The first two Viking-based Series6 computers are models specifically designed for Oracle financial database applications. Solbourne, a subsidiary of Matsushita, is claiming "100 per cent more effective throughput than general purpose servers" for the systems using what it terms "application optimized architecture."
The server strategy has evolved at Solbourne following the company's withdrawal from the general purpose SPARC-compatible workstation market earlier this year as a result of failure to win a significant market share position. At that time the company had said it was devising a new strategy based on servers. The company had also disclosed it's plans to use the Viking, and has been pre-selling the new Series6 servers prior to this weeks scheduled formal unveiling. As a result backlog at introduction is between four and six months worth of production, according to Travis White, vice president of marketing. Number of systems that represents was not disclosed.

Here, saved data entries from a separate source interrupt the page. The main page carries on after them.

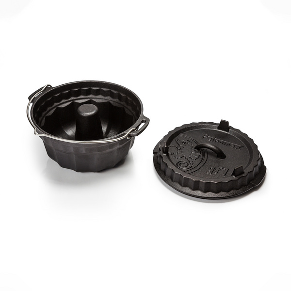 Die Gusseisen-Form zum Backen von Gugelhupfkuchen ( Ø 23 cm) und Tortenböden (Ø22 cm) im Deckel ist sowohl für den Backofen als auch für offenes Feuer geeignet. Der multifunktionale Gardeckel besitzt eine Tortenbodenform auf der Innenseite und Füße zum Aufstellen auf der Außenseite. eine einfache handhabung wird dank eines Tragehenkels gewährleistet.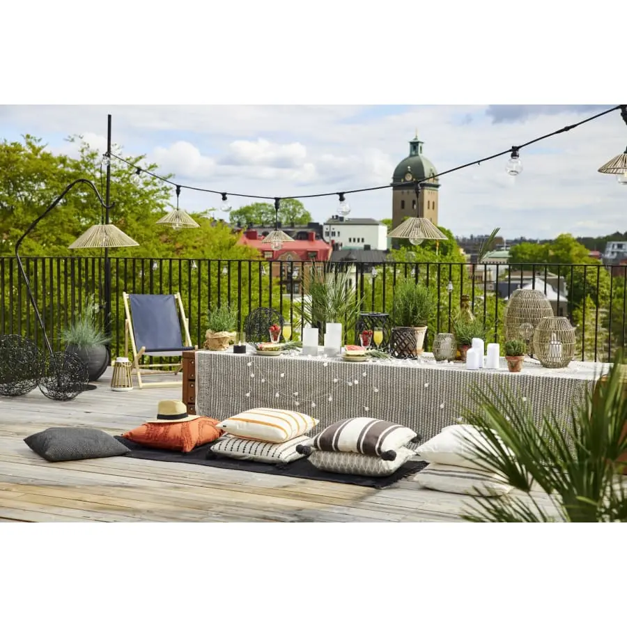Connect to an E27 socket outdoor lamp cord (e.g. SR-418-30, SR-481-31, SR-418-35 or SR-418-36) and a light source and hang on, for example, a terrace or balcony. The shade can also be connected to Star Trading’s Connecta outdoor light set SR-418-10 or you can put an LED candle inside it to get a beautiful lantern.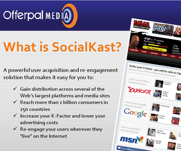SocialKast allows game developers and social platforms to ‘write once’ in order to interact with multiple platforms using a set of lightweight REST messaging APIs and Javascript calls, allowing them to distribute both user-to-user and app-to-user invites, gifts, notifications and other types of text-based or graphical messages directly into the activity streams and email inboxes of Offerpal’s partner sites.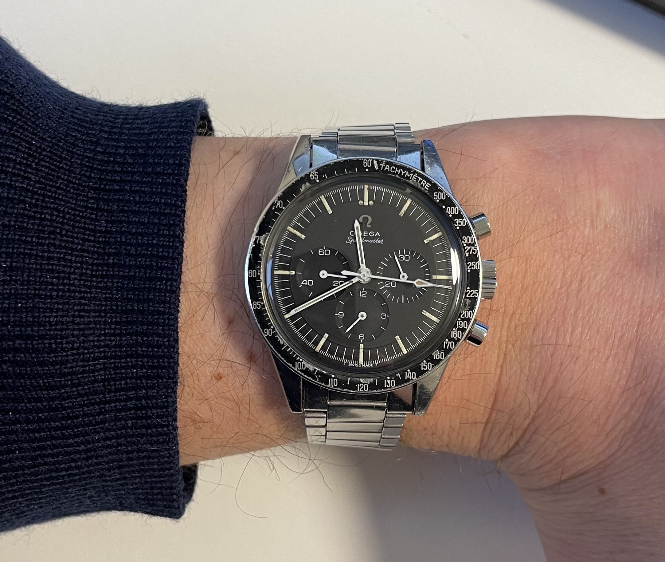 ·Hello everyone, I understand the 321 Ed White speedy has a smaller case size, per the official specs, but is that only because of the elimination of the crown guards on the case? In other words, is the dial and bezel size the same as the "regular" Speedy Pros (i.e. 1861 or 3861s)?

Mr. White said the decision to optimize the hardware to meet the needs of specific applications is an attempt to blend the price/performance advantages of open systems running UNIX software with the strengths inherent in proprietary systems.

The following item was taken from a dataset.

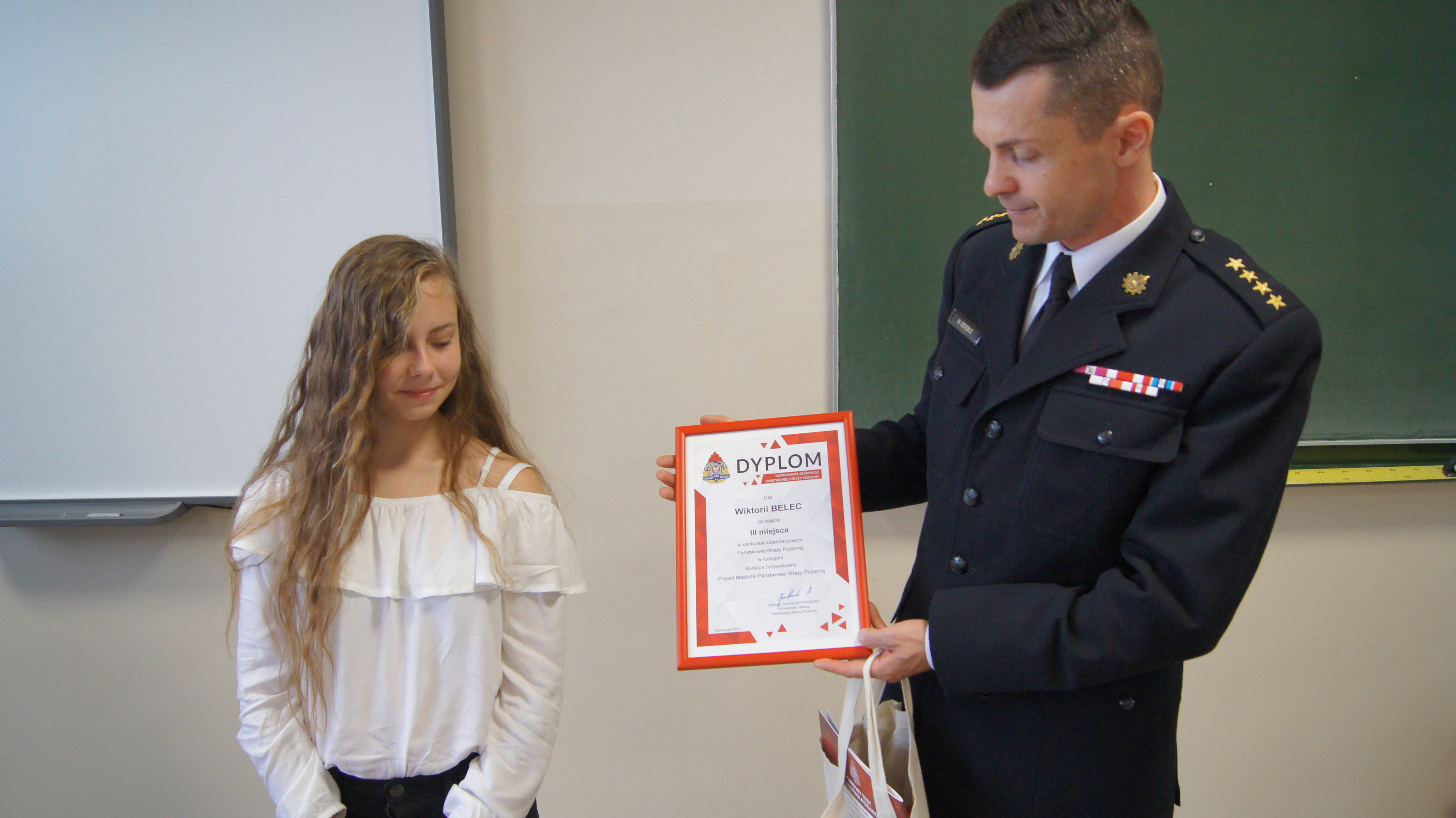 1 września 2021 roku podczas inauguracji roku szkolnego 2021/2022 odbyło się uroczyste wręczenie Dyplomu Komendanta Głównego Państwowej Straży Pożarnej oraz nagród rzeczowych dla Wiktorii Belec - uczennicy Samorządowej Szkoły Podstawowej nr 3 im. Jana Pawła II w Kazimierzy Wielkiej. Wiktoria wzięła udział w konkursie Projekt na maskotkę Państwowej Straży Pożarnej. Wykazując się pracowitością i sporą wyobraźnią twórczą zaprojektowała maskotkę, dzięki której uplasowała się na podium w konkursie kalendarzowym 2021 organizowanym przez Państwową Straż Pożarną.
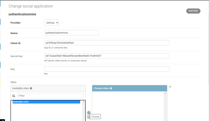 在 **站點** 部分,點選 **example.com**,然後點選箭頭鍵並點選儲存。這將在您的 Django 專案中註冊 **github** 作為身份驗證後端。

"In the bad old proprietary days, vendors would offer you a tuned system," he said. The result he characterized as a high performance solution but at an equally high price. By instead optimizing a UNIX platform, he said, "we're offering Sequent performance at Sun prices."
Basic specifications of the new systems, including the 6/700 deskside departmental server and 6/900 high performance enterprise server, include symmetric multiprocessing, with up to 8 Viking CPUs running at 33 MHz in the larger system and four in the 6/700. MIPs rating is about 100 MIPs per processor. The systems use a 64-bit data and 32-bit address bus running at 128 Mbytes per second, and have triple level caches, including 16 megabytes of level 3 on-board, direct-mapped, write-back cache. Standard system I/O for both models includes SCSI-1, Ethernet and a pair of RS-423A serial ports. SCSI-2, IPI-2, and FDDI are optional.
Pricing, not including the Oracle applications software, is $31,900 for the Series 900 chassis with only system board and operating system software. A Series 700 chassis similarly configured is $9,500. Series 6 CPU boards are $19,900 each, and can also be installed in earlier Solbourne computers. In contrast, the company's older Series 5E CPU boards currently cost $8,900. The new processor boards were said to have 2 to 2.7 times the performance of the 5E boards. Sample pricing given for full configurations was $76,600 for a 6/702 with two CPU boards, 128 MB of main memory, chassis, and both 1.3 GB SCSI and CD-ROM drives. A similarly configured two-CPU model 6/902 was priced at $116,600 with a VME/IPI controller and 2.7 GB IPI disk instead of the smaller drive. Maximum configurations for an eight-processor system include 2,304 Mbytes of main memory and 528 gigabytes of disk storage.
Mr. White outlined the specific tailoring of the System 6 hardware and operating software for use with Oracle, including the design of multi-level caches to match the memory reference patterns of the software. Other points of optimization include improvement to context switching code for use in Oracle-type environments with A large number of on-line users. The system disk driver was optimized to operate with Oracles "raw" I/O and socket-related system calls were paralelized to improve SQL-Net communication. Also, locking primitives were enhanced to minimize contention for locks within Oracle, the SCSI device driver was parallelized and some system calls were multi-threaded based on Oracle I/O requirements.
The Oracle market was chosen as the first in what is to be a series of optimized system offerings, Mr. White said, because of the current 58 per cent annual growth rate in the Oracle market.
"We want to grow along with that market," Mr. White said.
He also noted that customer "are also telling use those kinds of machines are good for EDA applications" using large databases. Part of the already-booked backlog, he said, is for engineering rather than financial database applications.